C picked a hand, but it was the wrong one. She opened it up, saying “Nope. Pick again!”
He got it right with his second chance, of course.
After a few more games, he was ready to try it himself. He put his hands behind his back, put the napkin in one, and then held that one out to his momma with a shouted “pick!”
She picked that one, of course, and he said “You’re right! Hooray!”
She went over the concept again. Eventually, after much coaxing, he started holding both hands out. He always put the one with the napkin in it out farther, however. I guess he’s a pleaser.
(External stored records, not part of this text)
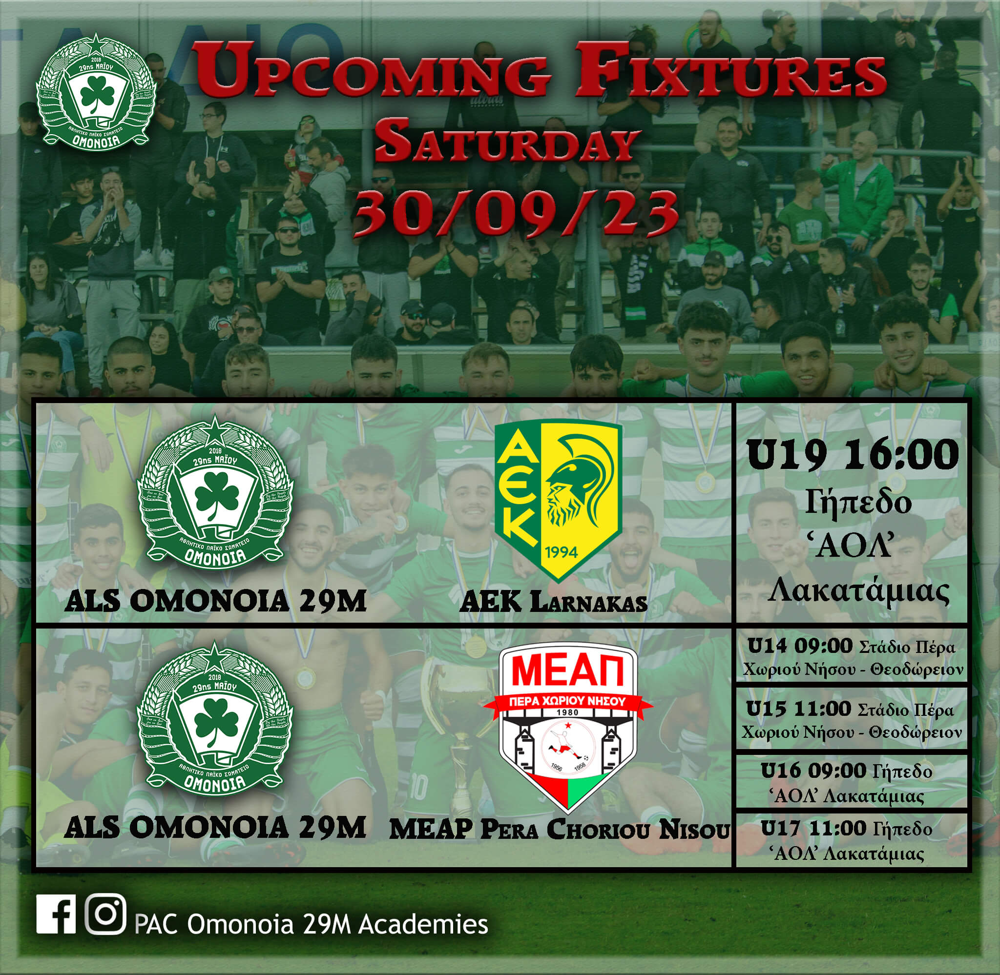 Δεύτερη αγωνιστική για τους ‘μικρους’ μας που θα αγωνιστουν με την αντίστοιχη της ΜΕΑΠ Πέρα Χωρίου Νήσου. Κ14 και Κ15 θα αγωνιστούν η ώρα 9:00 και 11:00 εκτός έδρας στο κοινοτικό στάδιο Νήσου, ενώ Κ16 και Κ17 θα αγωνιστούν 9:00 και 11:00 αντίστοιχα εντός έδρας στο γήπεδο του ΑΟΛ Λακατάμιας.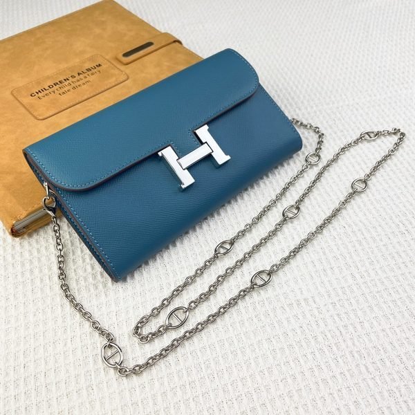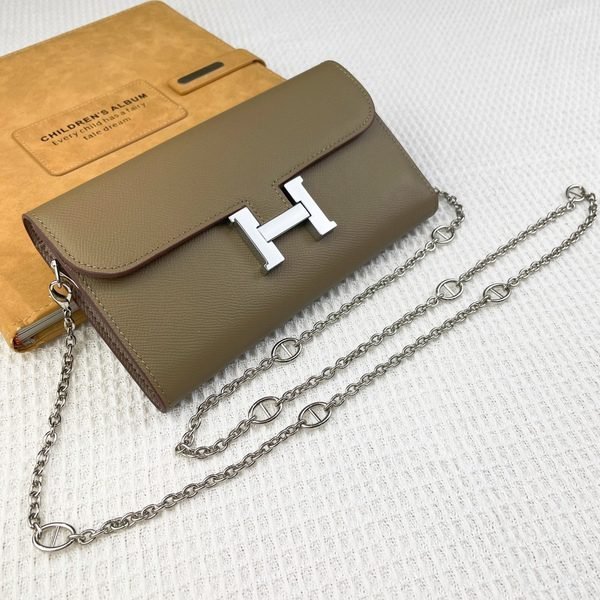 Hermes Bags Hermes Constance Chain Crossbody Bag p155 Model: 539-1 Palm Print Silver Buckle Size: 22*11cm Made of Empson cowhide, it feels soft comfortable.Exquisite elegant, with smooth straight edges. It has two bill inside, one zipper pocket, and 12 card slots for super large capacity, which can hold phone.Can be worn crossbody an underarm bag, chain length 120cm, detachable as a wallet or clutch, multi-use bag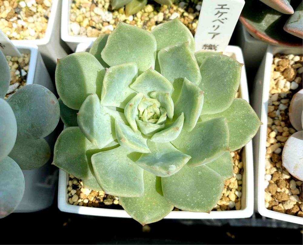写真はエケベリア織姫です。七夕に投稿したらよかったのになあと今思いました。これは、もうずっとずっと何年か前に星美人ばっかり育てていて、まだエケベリアという言葉も分からないときに知人から葉っぱをひとついただいて、初めてエケベリアの葉挿しに挑戦してできた苗です。ずっとずっと芽も出なくてゆっくりだったのに去年の秋くらいから急に大きくなって少しずつ大きくなりながら丸い花みたいな形に整ってきました。かわいくて、外を見に行ったときにずっとニヤニヤして見てしまいます。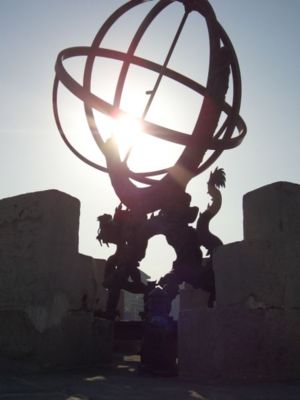 Spherical geometry is nearly as old as Euclidean geometry. In fact, the word geometry means “measurement of the Earth”, and the Earth is (more or less) a sphere. The ancient Greek geometers knew the Earth was spherical, and in c235BC Eratosthenes of Cyrene calculated the Earth’s circumference to within about 15%. Navigation motivated the study of spherical geometry, because even 2000 years ago the fact that the earth was curved had a noticeable effect on mapmaking. Even more importantly, the sky can be (and often was) thought of as a spherical shell enclosing the earth, with sun, moon, and stars dancing about on its surface. Navigation and timekeeping required a thorough understanding of how the heavenly bodies moved, and that required spherical geometry.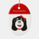 Happy silly puppy custom ornament, featuring a silly puppy with red bow on it’s head.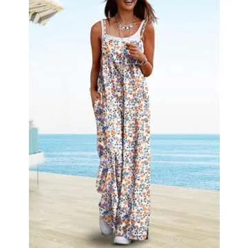 YESNO Women's Summer Boho Casual Jumpsuits Wide Leg Overalls Floral Print Baggy Rompers with Pockets XL PZZCR 377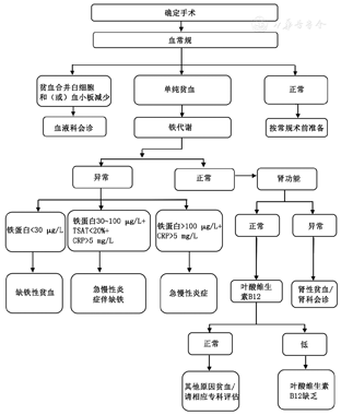 从患者确定手术就应该开始进行贫血筛查,对于贫血患者应尽快明确病因并开始治疗。根据疾病、手术类型,权衡贫血与推迟手术的利弊决定贫血的治疗方法和手术时间。急诊手术也应充分利用术前准备时间完成贫血评估。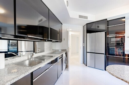 L'appartamento si apre su un ampio ingresso, che conduce ad un raffinato salone doppio inondato di luce, ampliato da un'ampia terrazza che offre una vista mozzafiato sul mare. La cucina indipendente e completamente attrezzata combina funzionalità e design contemporaneo.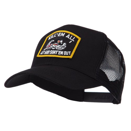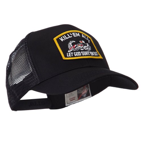 Binding : Apparel Product Description Our Kill Skull and Choppers Embroidered Military Patched Mesh Cap is a great addition to your military patch cap collection. This unique military patch cap includes different styles and designs of skull and choppers patches on the front crown. These embroidered patches of cap represent its own military symbol, so you can choose the perfect skull patch cap that you want. This black baseball cap features a 6 paneled crown with 4 mesh back panels, allowing your head to be well ventilated at all times. Inside of cap is lined with a hatband for that comfortable fit you desire. This skull and choppers patch meshed cap is especially great for those bikers, military soldiers and for other military uses. durable embroidered patch ball caps are also available in variety of other styles of US military services such as Army, Navy, Marine, Air Force, Airborne, Retired and others. Choose your favorite military patch cap now! 0

N, on the other hand, did the opposite. After carefully putting a smaller scrap in one of his hands behind his back, he’d hold both fists out – with the empty one closer to you. If you tried to reach around and pick the right one, he’d move the other in your way, trying to get you to pick that one. He loved saying “Nope! Pick Again!”
It was a great little diversion, and they had a lot of fun with it. I mostly just watched and kibbitzed.
The next day, however, as we were walking, N lagged behind. I slowed down with him and tried to speed him up. Eventually, he squatted down on the pavement, and made fists out of his hands behind his back.
He straightened up, holding them out to me. “Pick!”
Figuring he’d picked up a stone along the way, I looked at the two hands. They were pretty evenly spaced, and neither had anything sticking out of it. I took a guess and picked one. He opened it up to reveal it was empty. “Nope! Pick again!”
I pointed to his other hand, and he slowly opened it up to reveal… nothing. “Nope!” he shouted, laughing, and ran off to catch up with his momma and brother.
Sheesh. I understand teaching them the shell game, but when did I become the mark?